#### [Information supplied]
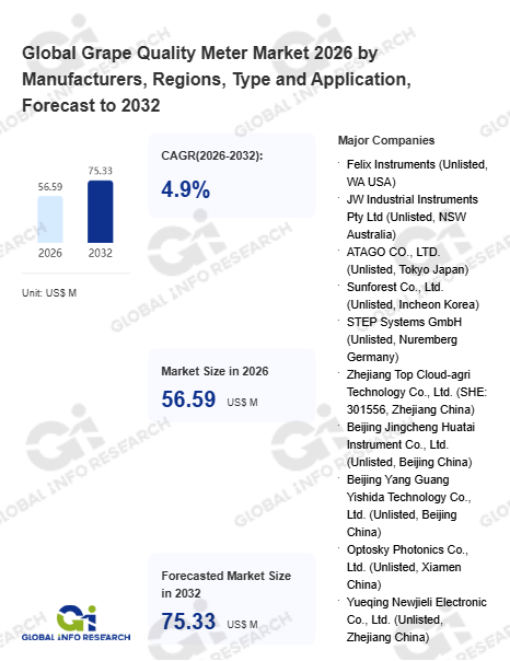 Global Info Research has recently published "Global Grape Quality Meter Market 2026 by Manufacturers, Regions, Type and Application, Forecast to 2032". This report systematically analyzes the global Grape Quality Meter market, providing multi-dimensional insights through type (Portable Type、 Benchtop Type), application (Farm、 Agricultural Product Processing Plant、 Winery、 Other), regional markets, and major manufacturers (Felix Instruments (Unlisted, WA USA)、 JW Industrial Instruments Pty Ltd (Unlisted, NSW Australia)、 ATAGO CO., LTD. (Unlisted, Tokyo Japan)、 Sunforest Co., Ltd. (Unlisted, Incheon Korea)、 STEP Systems GmbH (Unlisted, Nuremberg Germany)、 Zhejiang Top Cloud-agri Technology Co., Ltd. (SHE: 301556, Zhejiang China)、 Beijing Jingcheng Huatai Instrument Co., Ltd. (Unlisted, Beijing China)、 Beijing Yang Guang Yishida Technology Co., Ltd. (Unlisted, Beijing China)、 Optosky Photonics Co., Ltd. (Unlisted, Xiamen China)、 Yueqing Newjieli Electronic Co., Ltd. (Unlisted, Zhejiang China)), assessing the market status, trend evolution, and competitive landscape impact from 2021 to 2032.
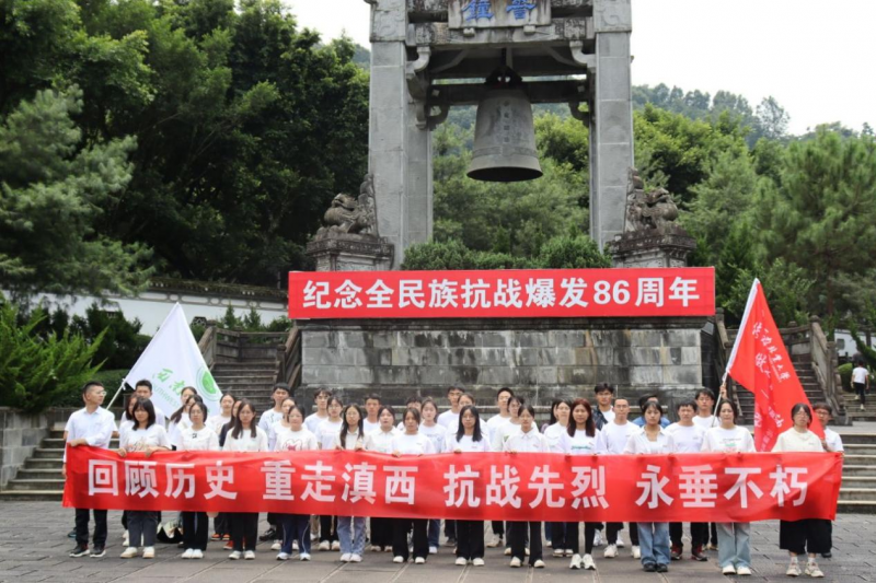 图为师生在滇西抗战纪念馆旁警钟前的合影
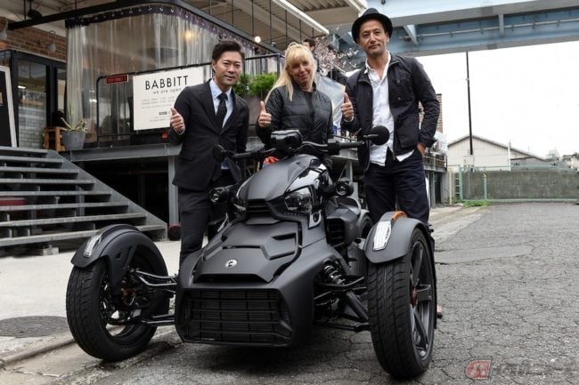 愛のおくるま伝道師、小沢コージ、先日ちょっと不思議な乗り物に乗ってきました。その名もカンナム・ライカー! カナダのBRP社が作った、バイクでもないトライクでもない新感覚の三輪モーターサイクルで、3月に日本初上陸。具体的には後ろ二輪の一般的トライクと違い、前が二輪になってるのがミソです。

#### [Assigned task]
Write out the whole listing verbatim, images excluded.

#### [Task answer]
 Global Info Research has recently published "Global Grape Quality Meter Market 2026 by Manufacturers, Regions, Type and Application, Forecast to 2032". This report systematically analyzes the global Grape Quality Meter market, providing multi-dimensional insights through type (Portable Type、 Benchtop Type), application (Farm、 Agricultural Product Processing Plant、 Winery、 Other), regional markets, and major manufacturers (Felix Instruments (Unlisted, WA USA)、 JW Industrial Instruments Pty Ltd (Unlisted, NSW Australia)、 ATAGO CO., LTD. (Unlisted, Tokyo Japan)、 Sunforest Co., Ltd. (Unlisted, Incheon Korea)、 STEP Systems GmbH (Unlisted, Nuremberg Germany)、 Zhejiang Top Cloud-agri Technology Co., Ltd. (SHE: 301556, Zhejiang China)、 Beijing Jingcheng Huatai Instrument Co., Ltd. (Unlisted, Beijing China)、 Beijing Yang Guang Yishida Technology Co., Ltd. (Unlisted, Beijing China)、 Optosky Photonics Co., Ltd. (Unlisted, Xiamen China)、 Yueqing Newjieli Electronic Co., Ltd. (Unlisted, Zhejiang China)), assessing the market status, trend evolution, and competitive landscape impact from 2021 to 2032.
 图为师生在滇西抗战纪念馆旁警钟前的合影
 愛のおくるま伝道師、小沢コージ、先日ちょっと不思議な乗り物に乗ってきました。その名もカンナム・ライカー! カナダのBRP社が作った、バイクでもないトライクでもない新感覚の三輪モーターサイクルで、3月に日本初上陸。具体的には後ろ二輪の一般的トライクと違い、前が二輪になってるのがミソです。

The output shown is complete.